Total SD, take 2
Opened this issue · 1 comments
In #111, @chadhazlett proposed being able to specify a total standard deviation / variance for draw_normal_icc. I implemented this in early May -- in this implementation, the user supplies an ICC and a total_sd; we generate the ICC variable stochastically, fixing one of the sds as 1 and deriving the other from the ICC; then, the total_sd variable is used to rescale the variable at the end.
An advantage of this approach, which is the one I think Chad suggested, is that it ensures exact total standard deviation 100% of the time.
A disadvantage of this approach, as Neal mentioned, is that the rescaling will possibly distort the between group differences. Neal, instead, proposed noting that total = within + between. So basically, rather than a post-hoc scaling, you'd specify any two variables and get the other two.
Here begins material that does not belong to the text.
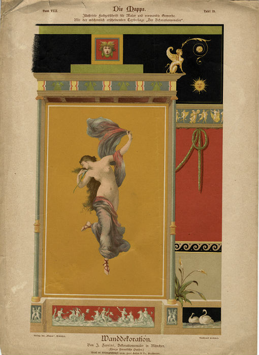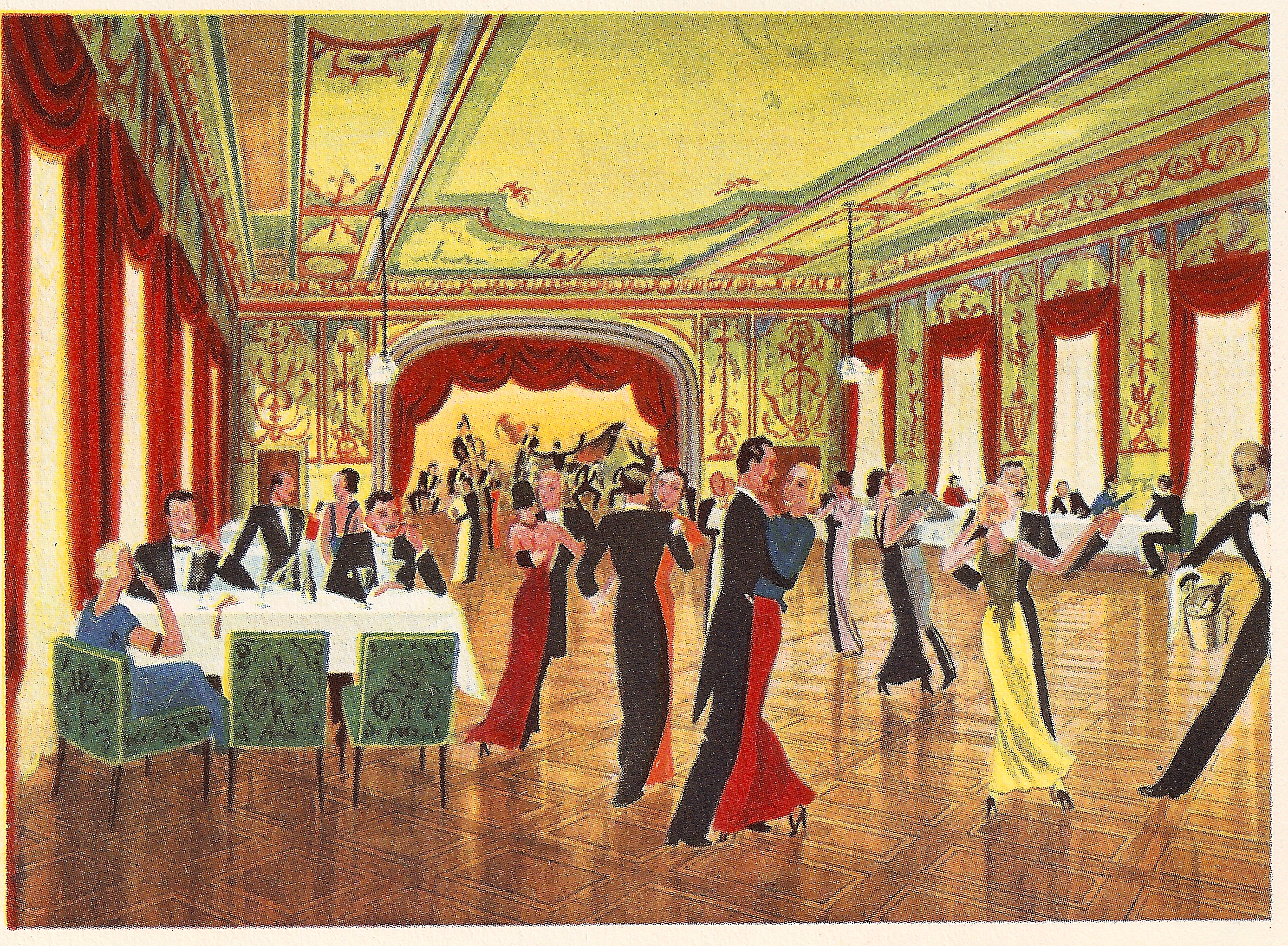 La sala da ballo del Palace con decorazioni pompeiane. Lo stile andava molto di moda negli anni dopo il 1880. L'immagine è tratta da un dépliant. Le decorazioni con l'andar del tempo sono state coperte di vernice bianca.

I'd have to work out the math, but this would basically leave us with two constraints; the ICC and one of within/between constrains the other of within/between and total; the total and within/between constrains the other of within/between and ICC. I would have to think a bit about what possible combinations of arguments we would allow.
I agree the solution I came up with is imperfect because the other three variables are targets for the stochasticity to hit, while total_sd is an exact mechanical consequence of the scaling.
Issuing this so that there can be some discussion.
I think rescaling is generally not what people would expect, eg people don't usually expect
sd(rnorm(100)) == 1
exactly - there's sampling variability there, and I think that when ICC = 0 we should be the same as rnorm.